Ce n’est pas une histoire « contre les Indiens ». C’est exactement l’inverse. Les premières victimes de ces réseaux sont souvent les communautés qu’ils prétendent représenter, protéger ou contrôler. Ce sont des entrepreneurs, des familles, des militants, des figures religieuses et des immigrants ordinaires qui se retrouvent pris entre la peur, les menaces et le silence. La criminalité transnationale ne célèbre pas la diversité; elle l’exploite.
Le gouvernement canadien avait d’ailleurs inscrit le gang Bishnoi comme entité terroriste en septembre 2025, affirmant que le groupe créait un climat de peur par le meurtre, les fusillades, l’incendie criminel, l’extorsion et l’intimidation dans des communautés diasporiques. Cette inscription permet notamment de geler ou saisir des biens et d’utiliser des outils pénaux plus puissants contre le financement, le recrutement et le soutien matériel.
Mais la vraie question demeure : pourquoi faut-il toujours attendre que les choses deviennent énormes, violentes et internationales avant que l’État canadien se souvienne qu’il a une fonction régalienne?
Ottawa est très bon pour réglementer les pailles, moraliser les propos, subventionner des panels sur l’inclusion et pondre des acronymes bureaucratiques. Mais quand vient le temps de protéger concrètement les citoyens contre les mafias, les gangs, les ingérences étrangères et les réseaux criminels qui traversent les frontières comme on traverse un centre d’achat, soudainement, le ton devient moins assuré.
Le Canada aime se croire au-dessus des réalités brutales de l’histoire. Il préfère parler de valeurs, de diversité et de diplomatie inclusive. Très bien. Mais les mafias, elles, ne lisent pas les communiqués du ministère. Elles lisent les faiblesses. Elles voient les États qui hésitent. Elles voient les frontières poreuses, les communautés intimidées, les systèmes judiciaires lents, les diasporas abandonnées et les politiciens qui préfèrent surtout ne pas nommer les choses trop clairement.
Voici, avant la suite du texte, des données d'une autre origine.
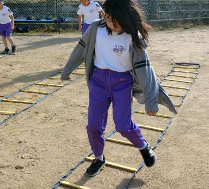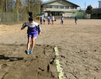 秋晴れ。全校児童が、グラウンドで運動に親しみました。

L’affaire Nijjar avait déjà provoqué une crise diplomatique majeure entre Ottawa et New Delhi, après que Justin Trudeau eut évoqué en 2023 des allégations crédibles reliant des agents du gouvernement indien au meurtre. L’Inde a toujours rejeté ces accusations. Les nouvelles accusations américaines, elles, ciblent le réseau Bishnoi et ne vont pas jusqu’à impliquer officiellement le gouvernement indien.
Voilà pourquoi il faut éviter deux pièges. Le premier serait de tout réduire à une affaire de criminalité ordinaire. C’est faux : un assassinat politique présumé, des réseaux transnationaux, des communautés intimidées et des tensions diplomatiques, ce n’est pas une simple chicane de rue. Le second serait de sombrer dans l’amalgame ethnique. Ce serait injuste et intellectuellement paresseux. Le problème n’est pas une communauté; le problème est l’incapacité de l’État à empêcher des organisations violentes de prendre racine dans cette communauté.
Le Canada doit redevenir sérieux. Pas brutal. Pas paranoïaque. Sérieux. Si on est capables de financer d’autres pays dans des guerres inutiles qui ne nous concernent pas, nous sommes tout à fait capables de se doter de moyens pour défendre nos frontières et s’occuper de sécurité nationale!
Un État sérieux contrôle ses frontières. Il surveille les ingérences étrangères. Il démantèle les réseaux criminels. Il protège les minorités contre ceux qui veulent les intimider de l’intérieur. Il distingue l’immigrant honnête du gangster transnational. Il comprend que l’ouverture sans autorité devient une invitation.
On nous a longtemps vendu l’idée que la souveraineté était une obsession de vieux nationalistes crispés. Mais chaque fois qu’un réseau étranger commande un meurtre ici, extorque des citoyens ici, transporte de la drogue ici et terrorise des familles ici, la souveraineté cesse d’être un concept abstrait. Elle redevient ce qu’elle a toujours été : la capacité d’un peuple à faire respecter l’ordre chez lui.
Et manifestement, il serait temps que le Canada s’en souvienne.